Tijdens de mondelinge behandeling heeft de betrokkene aangegeven zich niet te verzetten tegen de zorgmachtiging, maar zijn advocaat heeft verzocht om bepaalde vormen van zorg, zoals insluiting en toezicht, af te wijzen. De rechtbank heeft de noodzaak van verplichte zorg onderbouwd door te verwijzen naar de medische verklaring en het zorgplan, en heeft geconcludeerd dat er geen mogelijkheden zijn voor passende zorg op vrijwillige basis. De rechtbank heeft de zorgmachtiging verleend, die geldig is tot en met 5 maart 2025, en heeft het meer of anders verzochte afgewezen. De beschikking is gegeven door mr. M.L. Sandberg-Crommelin, rechter, en is uitgesproken ter openbare zitting.

Uitspraak

RECHTBANK DEN HAAG

Team Jeugd- en Zorgrecht
Zaak-/rekestnr.: C/09/671426 / FA RK 24-6061
Datum beschikking: 5 september 2024

Machtiging tot het verlenen van verplichte zorg

Beschikkingnaar aanleiding van het door de officier van justitie ingediende verzoek tot het verlenen van een zorgmachtiging als bedoeld in artikel 6:4 van de Wet verplichte geestelijke gezondheidszorg (Wvggz), ten aanzien van:

[betrokkene] ,

hierna te noemen: betrokkene,
geboren op [geboortedatum] 1958 te [geboorteplaats] ,
wonende te [woonplaats] ,
thans verblijvende in de accommodatie GGZ [accomodatie] , afdeling Ouderen, te [plaatsnaam] ,
advocaat: mr. H.P.J. van der Eerden te Den Haag.
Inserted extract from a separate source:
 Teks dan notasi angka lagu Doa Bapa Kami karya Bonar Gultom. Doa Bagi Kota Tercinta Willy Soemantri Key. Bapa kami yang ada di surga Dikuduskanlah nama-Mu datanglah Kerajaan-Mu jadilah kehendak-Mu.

ProcesverloopBij verzoekschrift, ingekomen ter griffie op 22 augustus 2024, heeft de officier van justitie verzocht om een zorgmachtiging.
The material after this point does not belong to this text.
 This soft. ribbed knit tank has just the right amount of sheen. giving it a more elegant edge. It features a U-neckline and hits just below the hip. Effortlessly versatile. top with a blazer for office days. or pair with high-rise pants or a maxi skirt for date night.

Bij het verzoekschrift zijn de volgende bijlagen gevoegd:
- een op 15 augustus 2024 ondertekende medische verklaring van L. Suurland, psychiater, die betrokkene heeft onderzocht maar niet bij zijn behandeling betrokken was;
- een (blanco) zorgkaart;
- een zorgplan van 24 juli 2024;
- de bevindingen van de geneesheer-directeur van 22 augustus 2024;
- een uittreksel uit de justitiële documentatie;
- een brief van de officier van justitie van 5 augustus 2024, waaruit blijkt dat er ten aanzien van betrokkene geen recente politiemutaties.
De mondelinge behandeling van het verzoek heeft plaatsgevonden op 5 september 2024. Daarbij zijn gehoord:
- betrokkene, bijgestaan zijn advocaat;
- de afdelingsarts, de heer C. Mersie;
- de psychiater, de heer S. van Denderen.
Omdat een nadere toelichting op of motivering van het verzoek niet nodig werd geacht door de officier van justitie, is de officier van justitie niet gehoord.

Standpunten ter zitting

Door en namens betrokkene is ter zitting verklaard dat betrokkene zich niet verzet tegen de zorgmachtiging. Zo geeft hij aan bereid te zijn mee te werken en zijn medicatie in te nemen. Gelet hierop refereert de advocaat zich ten aanzien van het verlenen van de zorgmachtiging aan het oordeel van de rechtbank. Wel is verzocht insluiten, uitoefenen van toezicht, onderzoek aan kleding of lichaam en onderzoek van de woon- of verblijfsruimte op gedrag-beïnvloedende middelen en gevaarlijke voorwerpen als verplichte vormen van zorg af te wijzen.
De afdelingsarts en psychiater hebben ter zitting naar voren gebracht dat betrokkene bekend is met een bipolaire stoornis, waarbij zich in het verleden manische en depressieve decompensaties hebben voorgedaan. Betrokkene heeft hiervoor al eerder een zorgmachtiging gehad. Betrokkene is naar aanleiding van depressieve klachten opnieuw opgenomen, waarbij sprake was van verslechterde zelfzorg en suïcidale uitspraken. Gelet hierop is tijdens de opname gestart met medicatie voor de depressieve klachten. Bij deze medicatie bestaat het risico dat betrokkene manisch raakt. De medicatie voor de bipolaire stoornis was eerder afgebouwd, omdat er in de thuissituatie sprake was van valgevaar door deze medicatie. Het medicatiegebruik moet hierdoor ook hier extra worden gemonitord. Met de stoornis die betrokkene heeft is er altijd een risico op decompensatie. Uit het verleden is gebleken dat betrokkene in het geval van decompensatie zorg kan afhouden. Verder is er bij betrokkene sprake van een slechte nierfunctie, waarvoor nierdialyses nodig zijn. Nu staat betrokkene daarvoor open maar als zijn toestandsbeeld slechter is, houdt hij ook alle lichamelijk noodzakelijke medische behandelingen af en kan hij zijn eigen leven in gevaar brengen. Gelet hierop is een zorgmachtiging noodzakelijk.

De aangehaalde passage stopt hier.